How is tourism extractive like mining? What is extracted?
You could make the same complaints of any primary industry.
If you think of inflows and outflows to and from a small local economy, in an era where almost every purchase is an outflow to Amazon et al, tourism is an important inflow. Locals cant just keep passing the same $1 around until someone spends it online, you need money coming in.
You can call it "trickle down" economics if you like, but i dont think thats a fair summation. In a small coffee shop, there's no fat cat corporate owner, but a half dozen people with jobs.
Its absolutely true that in some places airbnb has reduced the number of homes available to locals, but thats not generally true of all tourist destinations. Most jurisdictions where this is / was a significant problem have enacted appropriate laws to mitigate it.
Its not about crooked politicians and their rich friends. A reasonable level of tourism is good for everyone, but too much can obviously cause problems.

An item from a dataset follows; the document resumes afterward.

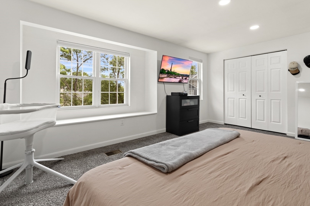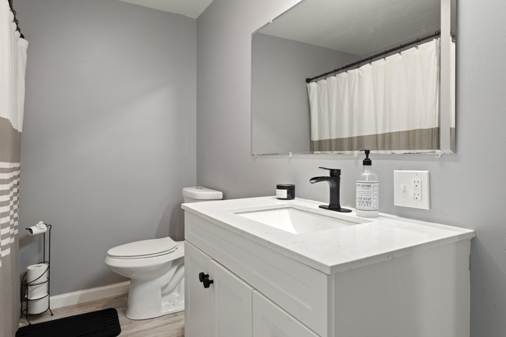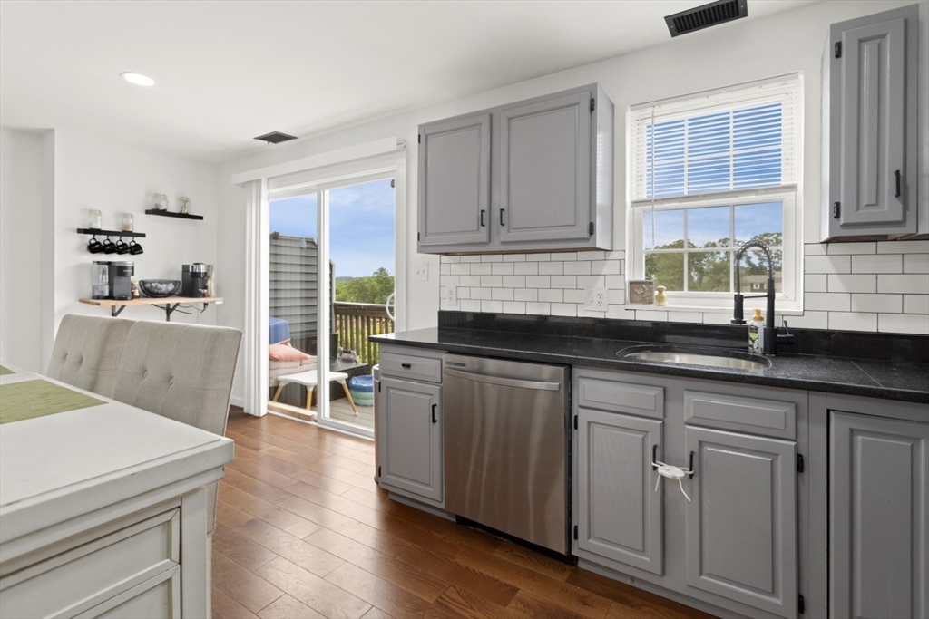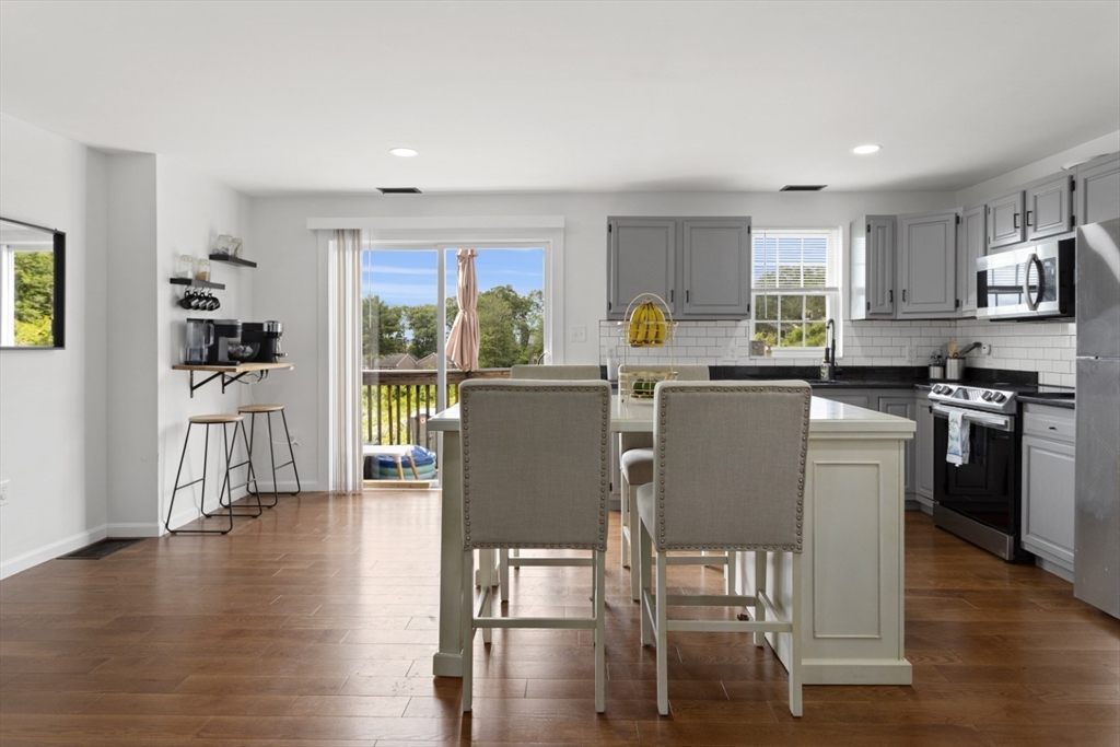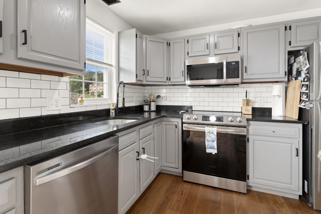 Spacious and sunlit renovated Mercury Terrace condo. Located in Haverhill right off of 495 is a commuter's dream. Amazing open concept kitchen, dining, and living room. The main level has an updated kitchen with high quality appliances and a half bath that is perfect for guests. The upper level has two generous sized bedrooms with large closets. The bathroom is spacious and includes in unit washer/dryer. Bonus room off of the garage perfect for a home office. Some of the updates include hardwood, granite counter tops, updated vanities, HVAC and water heater in 2023. Low HOA. Plenty of storage with attic access and garage space. An abundance of guest parking.

It's extractive because tourists don't add or contribute to the reason that place is a tourist destination to begin with and in fact often take away or are detrimental.
Of course they bring money but too many and the start to crush the vibe, ruin the housing market and sometimes cause gentrification pushing out the people who were originally there.

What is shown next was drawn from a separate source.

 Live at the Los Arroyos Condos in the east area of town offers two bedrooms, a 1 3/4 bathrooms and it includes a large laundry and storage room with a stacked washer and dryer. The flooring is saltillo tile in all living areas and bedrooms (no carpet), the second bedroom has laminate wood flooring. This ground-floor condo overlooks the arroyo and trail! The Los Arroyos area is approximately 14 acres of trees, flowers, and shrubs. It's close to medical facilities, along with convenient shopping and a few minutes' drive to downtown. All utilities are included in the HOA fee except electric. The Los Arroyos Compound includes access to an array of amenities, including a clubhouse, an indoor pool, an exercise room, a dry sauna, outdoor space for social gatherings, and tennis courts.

Some people are fine but too many can ruin things pretty quick. In the age of Instagram and accessible travel it doesn't take much for a small place to get over run in just a few years.
For an extreme example look at the lines to get up to mount Everest.

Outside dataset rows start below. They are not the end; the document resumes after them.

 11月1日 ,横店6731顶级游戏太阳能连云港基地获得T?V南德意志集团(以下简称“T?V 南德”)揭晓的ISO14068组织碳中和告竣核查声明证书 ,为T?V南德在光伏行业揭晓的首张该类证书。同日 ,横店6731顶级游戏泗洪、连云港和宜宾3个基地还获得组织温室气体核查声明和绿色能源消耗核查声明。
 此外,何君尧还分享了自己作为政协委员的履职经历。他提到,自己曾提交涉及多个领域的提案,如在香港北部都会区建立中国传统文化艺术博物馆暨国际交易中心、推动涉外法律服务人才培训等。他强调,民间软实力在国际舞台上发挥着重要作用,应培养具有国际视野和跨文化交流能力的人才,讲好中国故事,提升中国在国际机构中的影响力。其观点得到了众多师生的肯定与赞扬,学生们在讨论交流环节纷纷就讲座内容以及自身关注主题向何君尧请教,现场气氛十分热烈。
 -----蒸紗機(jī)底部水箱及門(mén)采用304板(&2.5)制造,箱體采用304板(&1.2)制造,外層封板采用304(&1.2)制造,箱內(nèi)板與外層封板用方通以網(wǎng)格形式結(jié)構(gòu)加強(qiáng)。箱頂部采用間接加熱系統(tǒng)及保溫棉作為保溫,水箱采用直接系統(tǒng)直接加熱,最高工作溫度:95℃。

This is a dramatic generalisation.
There are plenty of tourist destinations that people love because they are over-run with tourists - the very antithesis of your comment.
I'm not really sure how tourists are ruining the housing market on mount everest. As an aside, I suspect the locals are generally pretty happy with the tourism industry on and around mount everest.
Of course there are examples of tourism disaffecting locals, but these cases are really limited. In general, tourism is a great industry for regional centres.
Because you seem like a person wanting to learn and not a bot, here is a video by John Oliver, 6 years ago, about the actual local situation in Everest.
The causes will be varied, and the housing market is not threatened in Everest because tourists don't use houses in Everest the way tourists use houses in Europe (Airbnb), but they're is always incredible damage in whatever thing, local owners use tourist money, to fuck local workers about, not caring for the Shit and damage left behind. In the case is Everest, that Shit is literal. In other places, that Shit is off-season ghost towns, underfunded schools and local necessities, and corrupt local politicians.
This is just capitalism by design, it's not unique to tourism. It IS the owner's fault, not the tourist's, but the tourist buys the meal that the local no longer can afford, because tourists by definition go be tourists in cheaper countries than their own. Do you understand what that means? The locals that serve the tourists, get so little money in comparison, that it's not even funny.